Fuck, that shouldn’t matter, but I’m so turned on it would be hilarious if I weren’t also certain that I need far more than her virginity and to be the father of her child.
“It doesn’t matter. The virgin thing. To me.” She’s tripping over her words and she’s so sweet and innocent and perfect, I want to eat her up.
I need her love.
Will sex give me that? I told myself as I offered that I’d take her on any terms. The thought of her having a baby with anyone else made overwhelming jealousy drown any semblance of logic.
“I’m really sorry. Don’t feel you need to teach me, or go easy or anything. I know you must think I’m…” Her voice goes quiet. “Pathetic. Sad.”
“Don’t say that about yourself.” My words must be harsher than I intend, because she winces.
“It’s true,” she mutters at the floor.
Then I can’t help it. I grasp her chin and gently but firmly force her to look into my eyes.
“It is not true.” My voice is definitely hard this time. A command. “You’re strong and brave and clever. Repeat.”
There’s a stretch of silence when she blinks at me in disbelief and I think she might refuse.
“I’m…”
“Yes.” Nodding, I encourage her, then wait.
“Strong and brave and clever,” she replies softly, her soft bottom lip moving under my grasp.
“Good girl.”
And I’m rewarded by the smallest of smiles.
Brushing her cheek with my thumb, it’s a struggle to withdraw, like I’m chained to her.
I have to think, and having her within reach and appearing so uncertain tears me apart. It brings out my most domineering nature.
I turn away abruptly. If I look at her waiting for me to impregnate her any longer, I’ll lose control and do just that and possibly squander any chance of the bigger prize. A real relationship with her. Not sniping and grumbling at her as my assistant, trying to wind her up. Not being a fucking sperm donor.
I want to be her husband in truth. Her lover. Her confidant and her friend. The person she comes to for help and understanding and affection and love.
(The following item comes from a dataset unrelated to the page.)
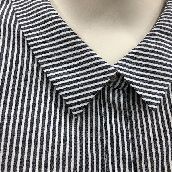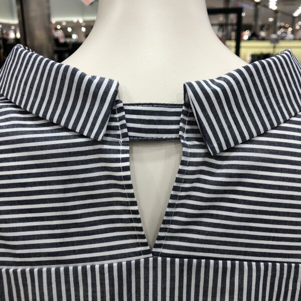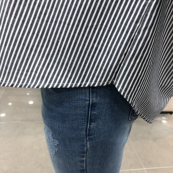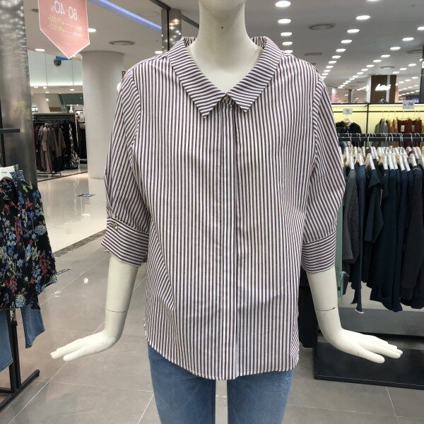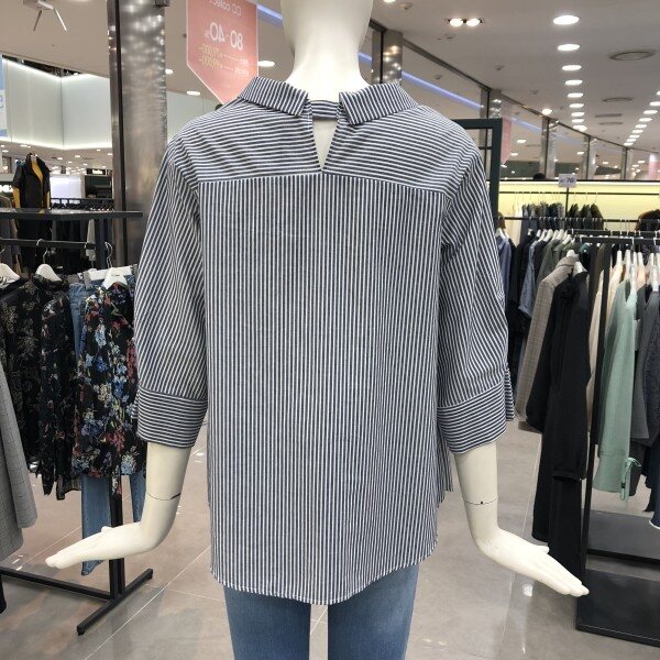 스트라이프 블라우스예요,7부 퍼프소매가 특징이고,뒷목 부분 장식이 있어 멋스럽게 입을수있어요,
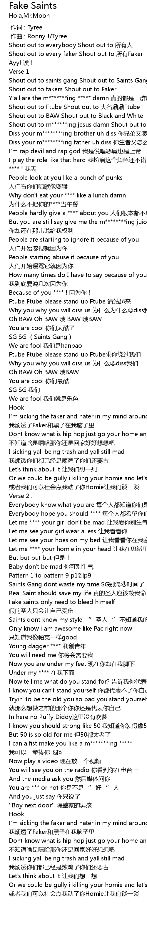 | [00:51.493] | I' m sicking the faker and hater in my mind around wǒ fán tòu le Faker hé hēi zǐ zài wǒ nǎo zi lǐ |

When she needs something—anything—I need her to ask me before she reaches out to strangers on the internet and buys fucking turkey basters.
Everything. I want everything from Adrianne, and I’m offering co-parenting and a fake relationship.
I stare out over London. The sky is blue-white-grey, a swirling mess of clouds that reflects my emotions as I hear her fidget behind me.
How do I make her fall in love with me?
My mouth twists satirically. Okay, that’s a high bar for a morally grey, grumpy mafia boss. I’m not going to be able to jump it.
How do I persuade her that I’m worth keeping around, and to trust me for forever?
One night of sex won’t achieve that. First times aren’t always perfect, and though I’m confident I can satisfy her, what if she’s nervous? She’s never shown any sign oflikingme. Being attracted to, yes, but am I really going to gamble my one chance with the woman I love on what might be a single night?
No. That’s entirely unacceptable. By the time I take her virginity, she has to want this as much as I do. There’s only one path forwards here.
I turn back to Adi. Her expression has changed to a mix of misery and waiting for rejection.
“I don’t mind that you’re a virgin.” I did not realise I was capable of that level of understatement. It’s kind of impressive.
“Right. Good.” She takes a deep breath and squares her shoulders. “Now we’ve got that little revelation out of the way, shall we get going?” she says brightly, with a tone of abrupt false lightness that usually makes me want to laugh.
“You know.” She licks her lips. “Get on with it.”